How to Audit Your Position on Both Shortlists
If you're running marketing for an endpoint security vendor — or any B2B security company — here's the audit I'd run this week:
Run your category prompts across all six AI platforms. GrackerAI's benchmark methodology used 250 standardized buyer-intent prompts across three funnel stages on ChatGPT, Perplexity, Claude, Gemini, Google AI Overviews, and Microsoft Copilot. You need to know where you're cited and where you're invisible. Cross-platform consistency averages 41/100 — being strong on one engine doesn't mean you exist on the others.
Audit your Wikipedia and community presence. 48% of ChatGPT's cybersecurity citations come from Wikipedia. If your company's Wikipedia page is thin, outdated, or doesn't exist, you're invisible to the single largest citation source for the dominant AI engine. Reddit accounts for another 11%. These aren't marketing channels most security vendors optimize for — that's exactly why the gap exists.
Publish data-driven content and keep it fresh. GrackerAI found that data-driven content earns 4.1x more AI citations than narrative content. Content updated within 30 days gets 3.2x more citations. Static whitepapers and gated PDFs that AI engines can't crawl or cite are dead weight for AI visibility.
Map the emerging AI agent security queries. The buyer questions are shifting. Track what AI engines return for agentic security queries and measure whether your brand appears. The Machine Relations framework I use at AuthorityTech measures exactly this: whether your brand's claims appear in AI-generated answers across ChatGPT, Perplexity, Claude, Gemini, and Google AI Mode when buyers ask the questions that drive shortlisting.
What This Means for the Category
Forrester's decision to retire the EPP Wave was the early signal. When analyst evaluations struggle to differentiate vendors on product capabilities, the differentiation moves to distribution, authority, and visibility. AI engines are the new distribution layer for B2B discovery, and they weight different inputs than analyst evaluations do.
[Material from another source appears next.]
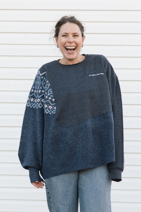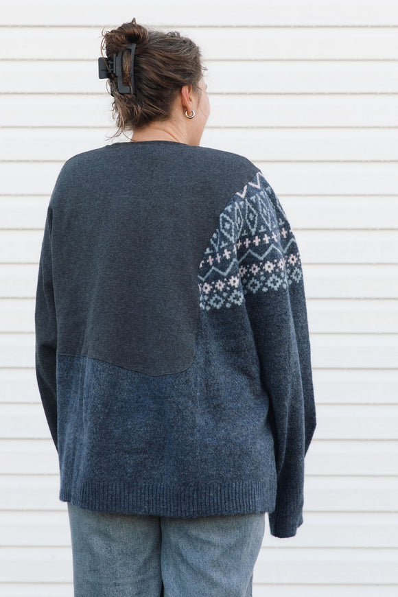 upcycled grey and blue cozy knit {x-large}

The endpoint security vendors that win the next cycle will be the ones that treat AI engine visibility as seriously as they treat Gartner positioning. Right now, most of them haven't started. That's the window.
FAQ
Which endpoint security vendors score highest in AI engine citations?
CrowdStrike leads EDR with an 87/100 AI visibility score in GrackerAI's 2026 benchmark. Palo Alto Networks leads Network Security at 83/100. But cross-platform consistency averages only 41/100 — a vendor strong on ChatGPT may be absent on Perplexity or Claude.
Why are 73% of cybersecurity vendors invisible to ChatGPT?
ChatGPT draws 48% of its cybersecurity citations from Wikipedia and 11% from Reddit. Most security vendors optimize for analyst coverage, gated whitepapers, and their own blog — none of which AI engines weight heavily for citation. The gap between where vendors invest in content and where AI engines pull recommendations is structural.
How does the 2026 Gartner Magic Quadrant for Endpoint Protection relate to AI visibility?
The 2026 Gartner MQ evaluates endpoint security on execution ability and vision completeness. AI engines evaluate on source authority, citation density, and content freshness in their retrieval corpus. A vendor can be a Gartner Leader and still be absent from AI-generated shortlists if their earned media presence and publicly accessible content are thin.
What is Machine Relations and how does it apply to endpoint security vendors?
Machine Relations is the discipline of earning AI engine citations through trusted third-party sources — a framework Jaxon Parrott coined in 2024 after documenting the structural link between earned media and AI citation eligibility. For endpoint security vendors, it means the measurement target shifts from analyst rankings and MQL volume to citation architecture: whether your brand appears in AI-generated answers when a CISO asks which vendor to evaluate.